5 Dubai Has No Standard Address System
Due to the rate at which Dubai is growing, it doesn't have a standard address system in place. Instead of an address line on a mailing label, there is a space where residents can draw a map or write out specific instructions such as: "After the white mosque, first street to the left, gold door." Foreigners arriving to the city from the airport are advised to have maps on hand to show their drivers where they're going, if they won't be visiting one of the city's many luxury hotels.
4 Dubai Hosts Robot Camel Racing
Camel racing is an extremely popular sport in Dubai, similar to what football is to the US and what hockey is to Canada. Given the camel's size, only children can participate in racing them. Instead of allowing Emirati or Dubai residents' children to participate, there has been a problem in the past with having children illegally trafficked into the country for the sole purpose of racing camels. The rest of the world eventually caught on to the issue and has since put a stop to it for the most part.

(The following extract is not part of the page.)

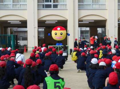 150周年のお祝いクイズやスペシャルゲストの玉ちゃんとのジャンケン大会、最後に校歌を歌ってみんなでお祝いをしました。

Leave it to Dubai to come up with a solution. Now, child-sized robots are being built and are racing the camels. They cost anywhere from $300 to $10,000.
3 Dubai is Building a City Within the City
Constantly on the quest to impress the rest of the world with its extravagance, Dubai is in the process of building a climate-controlled city within itself that's 2.25 times the size of Monaco. The as of yet unnamed city will be within Dubai's limits and will feature air-conditioned walkways that get you from street to street and building to building for visitors' maximal comfort. In other words, you'll be able to shop, eat, walk around and explore without having to be bothered by the sweltering desert heat.
2 Dubai Wants to be the Biggest And Best at Everything
Dubai's apparent main goal is to constantly have the biggest and best of everything. Its hotels are the most luxurious of any other place on the planet and it boasts being home to the best hotel in the world: The Burj Al-Arab. The hotel bills itself as seven stars, doesn't let anybody without a reservation walk through its doors and is comprised of 39% empty space, which is purely for height and show. It also features 1,790 square meters of gold leaf adorning its interior. In addition, Dubai built the tallest building in the world, the Burj Khalifa, which can be seen from 95 km away and is 163 stories high. Beyond that, the city has the largest indoor mall on the planet, the biggest aquarium, the tallest hotel and the grandest indoor ski park - yes, you read that right.
1 Dubai Forbids Premarital Sex
Premarital sex is illegal in Dubai and can get you imprisoned or deported. Public displays of affection are very much frowned upon in the Muslim country and it is advised not even to hold hands with your significant other in public - let alone kiss. Of course, the government can't control what happens behind closed doors, and in that regard many foreigners and Emiratis do whatever they'd like. There have however been instances of expats being jailed after it was discovered that they had engaged in intimate acts with anybody other than their spouse. Sadly, more often than not, it's the man's word against the woman's. Several foreign women in recent years have been imprisoned after bringing it to authorities' attention that they were raped.